In Stern Letter, LDS Church Reminds Members of Policies for Submitting Names for Proxy Temple Work

By Trevor Antley.

Today during Sunday services, most members of the Church of Jesus Christ of Latter-day Saints were read a letter from the Church’s First Presidency reminding them of Church policy for submitting names of the deceased for proxy temple ordinances.

“Without exception, Church members must not submit for proxy temple ordinances any names from unauthorized groups, such as celebrities and Jewish Holocaust victims,” reads a portion of the letter. It reminds members that their “preeminent obligation is to seek out and identify our own ancestors.” The letter also warned members that Church disciplinary action could come to those who continued to submit unauthorized names. It is against Church policy to submit the name of any person who has died without the permission of a direct descendant or Church authorization.

The stern reminder comes as the LDS Church and its members received negative media attention when it was reported that, despite a 1995 agreement between LDS and Jewish faith leaders to stop the proxy baptisms of Jewish Holocaust victims without permission of a direct descendant, the unauthorized proxy baptisms of Holocaust victims (and many survivors) continued to occur. The Church did not identify individuals who have continued to violate this policy but stated that these members have been blocked from submitting names in the future and that other disciplinary action could occur. “The church keeps its word and is absolutely firm in its commitment to not accept the names of Holocaust victims for proxy baptism,” a Church spokesman said in a statement last month.
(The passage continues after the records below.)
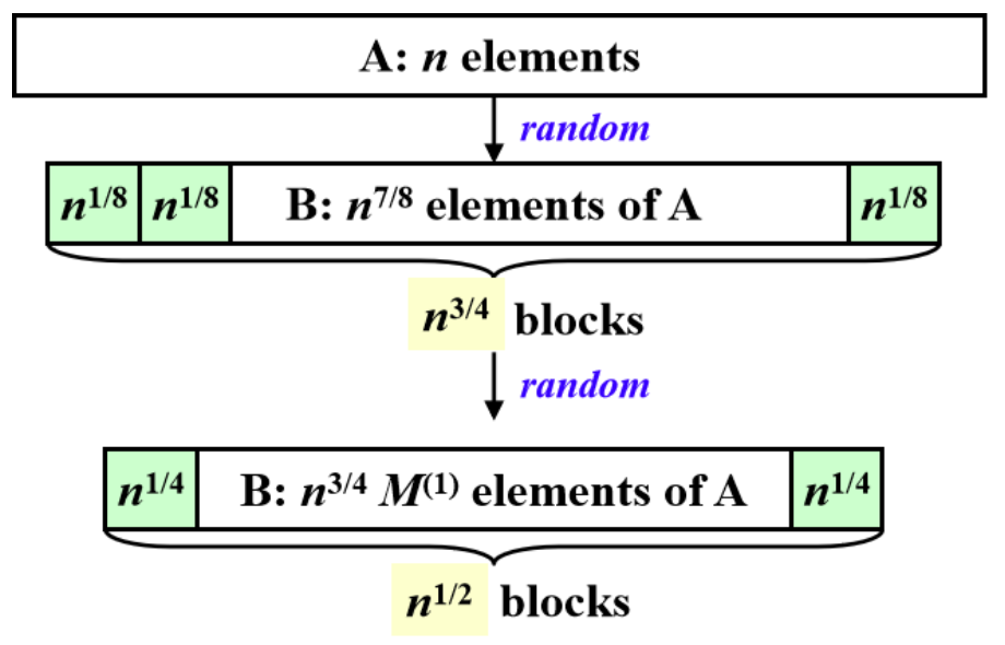 - 5.Divide the set into $n^\frac{1}{2}$ parts,each with size $n^\frac{1}{4}$.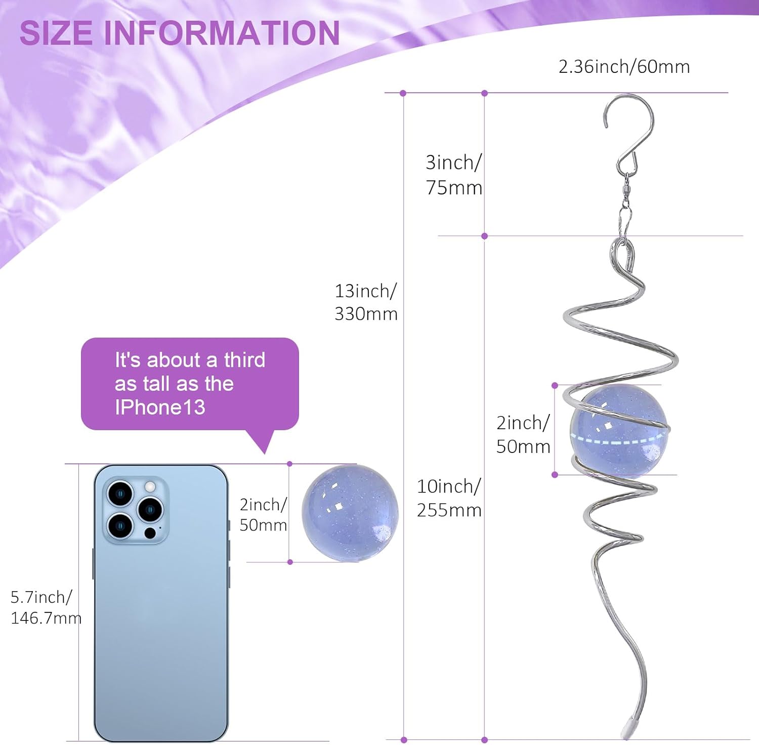 Gazing Ball Spiral Tail, Wind Spinner Stabilizer with Purple Glass Orb | 13-Inch Sun Catcher Rainbow Maker, Mesmerizing Rotating Art for Outdoor Garden Yard | Unique Hanging Decor & Gift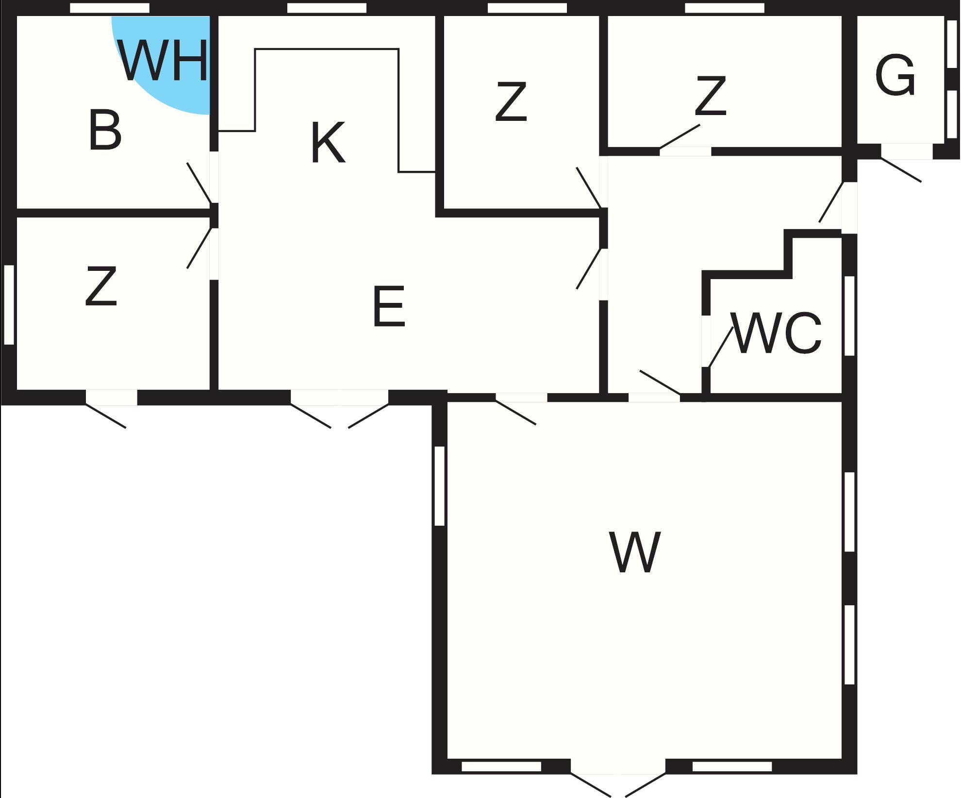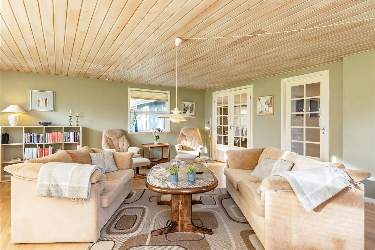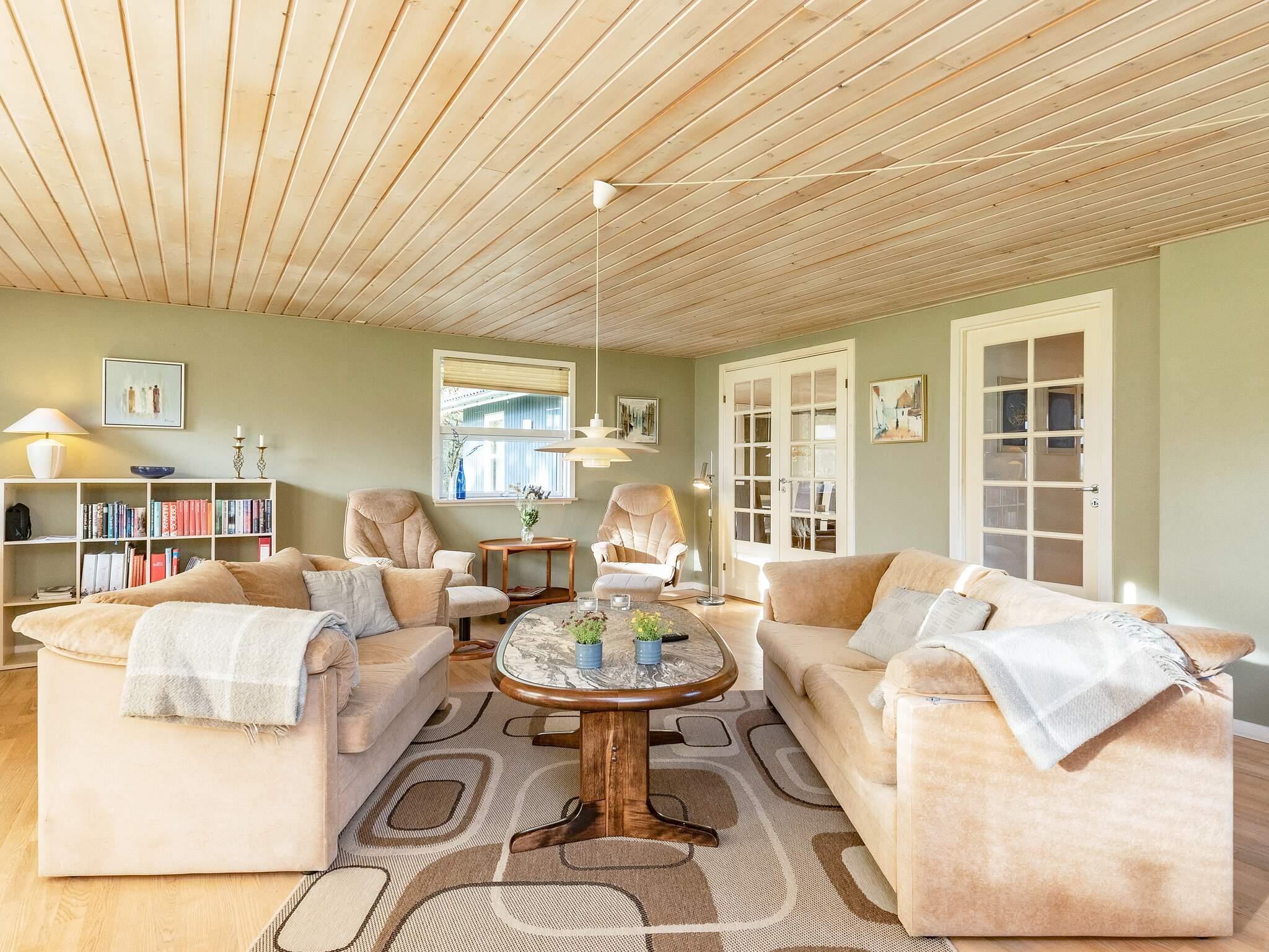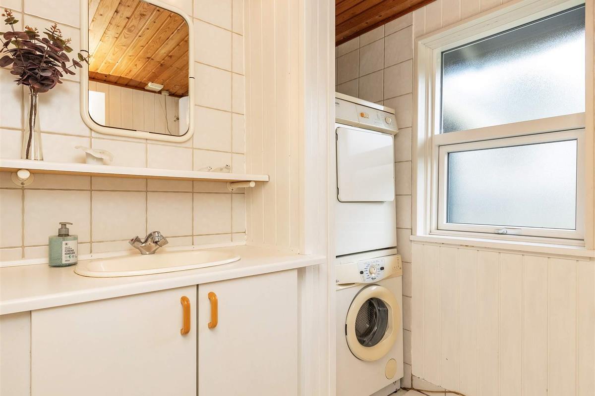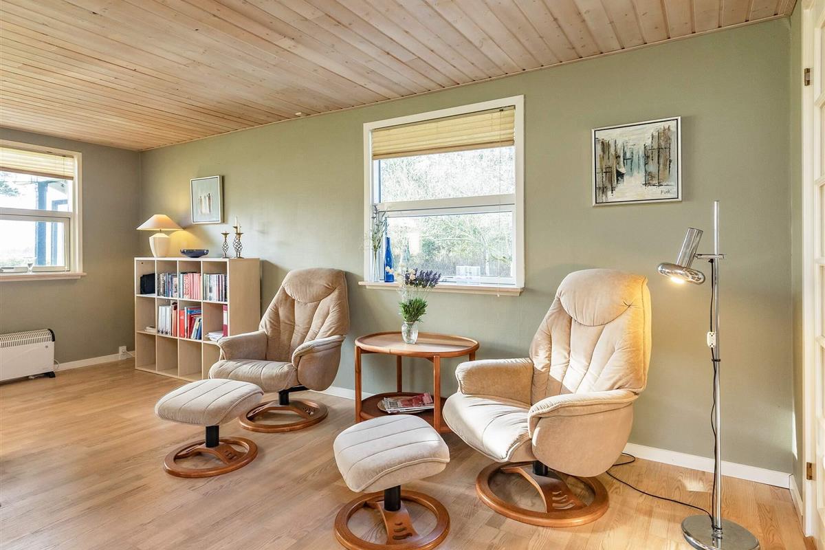 Dieses Ferienhaus liegt auf einem großen Grundstück mit Rasenfläche und unweit der Küste. Das Haus ist gut eingerichtet mit einem großen, separaten Wohnzimmer und einer Küche mit Essbereich und Holzofen. Von hier aus können Sie auch das Meeresrauschen hören, wenn der Wind aus östlicher Richtung weht. Im Haus gibt es zwei Toiletten aber nur ein Bad mit Whirlpool und Handbrause.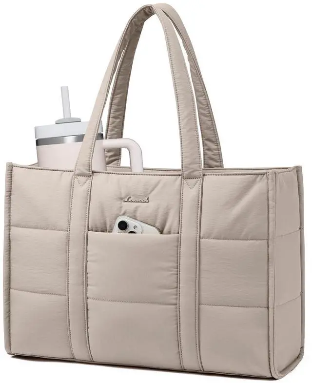 Keeping All Your Items OrganizedThis laptop bag for work has 1 separate padded 15.6 -inch laptop compartment, 1 iPad tablet pouch, 2 pen slots, 2 slip pockets, 2 side pockets, and 1 zipper pocket for your items ^^ Stanley Large Bottle Inner PocketThe interior pocket can keep a 40oz Stanley water bottle or tumbler upright and easy to grab, which is a must-have for commuters ^^ Lightening the Burden on Your Shoulders & HandsWeighing 0.99 LBS, the puffer tote bag is made from padded cotton for lightness, making it great for long time use ^^ Pick Items in a SecondThe front pocket of the quilted bag provides easy access to your phone.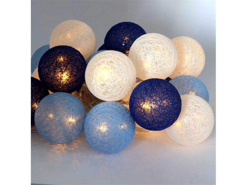 A Gömb alakú 6cm/színes fonott/3m/kék-v.kék-fehér/20db LED-es/USB-s fénydekoráció leírása: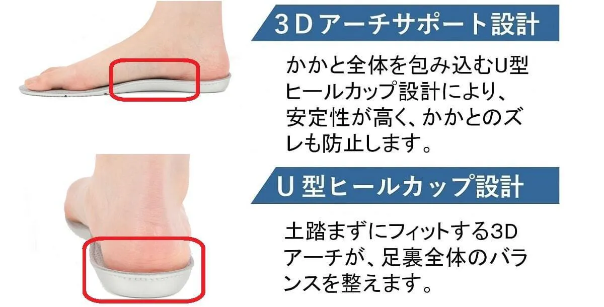 人間工学に基づいた、足にフィットするサポート設計にしています。U型ヒールカップ設計により、踏み込んだ際の衝撃をより軽減します。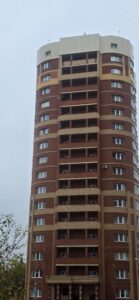 Сложность фасада состояла в том, что работы проводились на высоте 16 этажа МКД. Облицовка металлокассетами с помощью альпинистов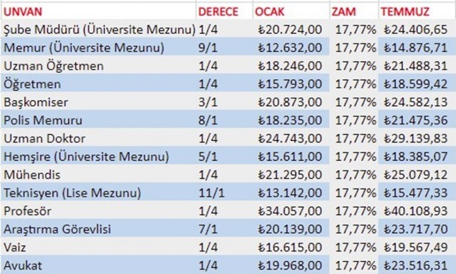 Toplu sözleşmeye göre memurlar yılın ilk 6 ayı için yüzde 8 zam almıştı. Memur ve memur emeklileri bu zammı aşan oranda enflasyon için fark almaya hak kazanıyor. Memurlara bu yılın ikinci 6 ayı için, yüzde 6 zam ve enflasyon farkı verilecek. Memurlar ikinci 6 ayda yüzde 6’lık sözleşme zammına ek olarak yüzde 11,77’lik enflasyon farkı alacak. Böylece memur ve memur emeklileri yüzde 17,77’lik zamma hak kazandı.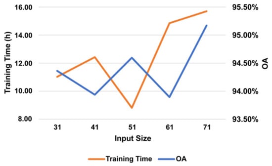 Training time and overall accuracy (OA) for the experiment of input size selection.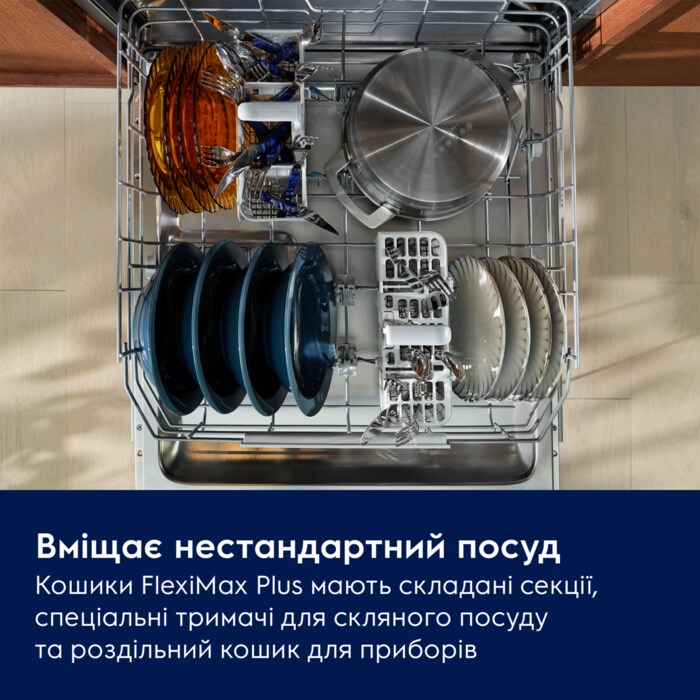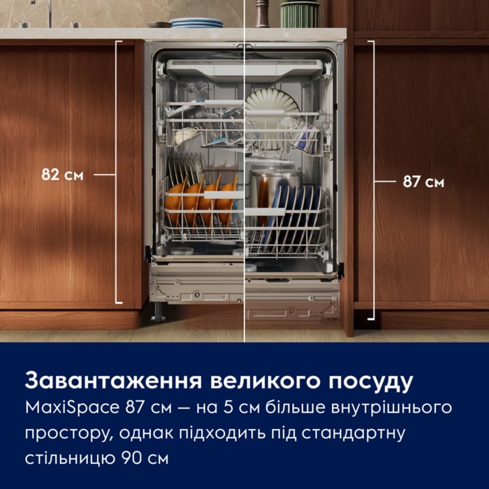 Серія 800 MaxiSpace має внутрішній простір вищий на 5 см і при цьому легко стає під стандартною кухонною стільницею. Потужне миття видаляє стійкі залишки їжі, а гнучкі кошики з тримачами, що легко висуваються, надійно утримують скляний посуд. Мінімальне використання води – всього 8,4 літра.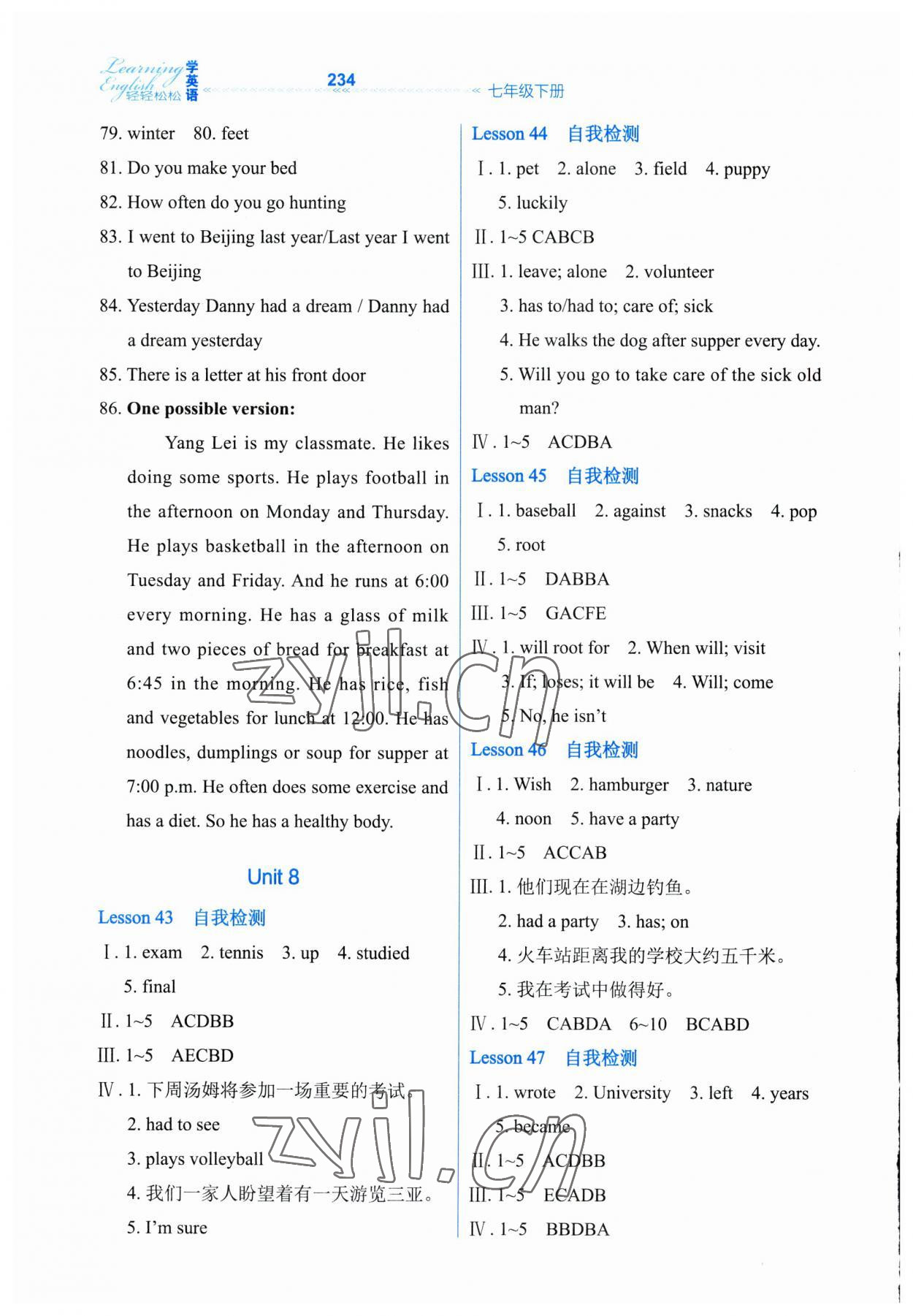 注:目前有些书本章节名称可能整理的还不是很完善,但都是按照顺序排列的,请同学们按照顺序仔细查找。练习册 2023年轻轻松松七年级英语下册冀教版 答案主要是用来给同学们做完题方便对答案用的,请勿直接抄袭。

It is unclear, however, what safeguards exist in the system to keep Church members from submitting the names of Holocaust victims and other controversial groups. The website FamilySearch.org, where names for proxy ordinances can be submitted by members online, only requires that someone click to state that they have the family’s permission to submit the name before it is processed in the system. It has long been rumored that other safeguards would be implemented to prevent abuse of the system.

Mormons believe that performing proxy ordinances such as baptism grants the deceased opportunities in the afterlife. It is a common misconception that proxy baptisms make these individuals “Mormons” or that they go on Church records as being LDS members. Actual members of the Church are quick to point out that the proxy ordinance does not force anything upon the deceased individual and only allows them the opportunity to choose in the afterlife.

The Church of Jesus Christ of Latter-day Saints is the only sizable Christian religion to perform baptisms for the dead, although scholars generally acknowledge that it was practiced by at least some early Christians.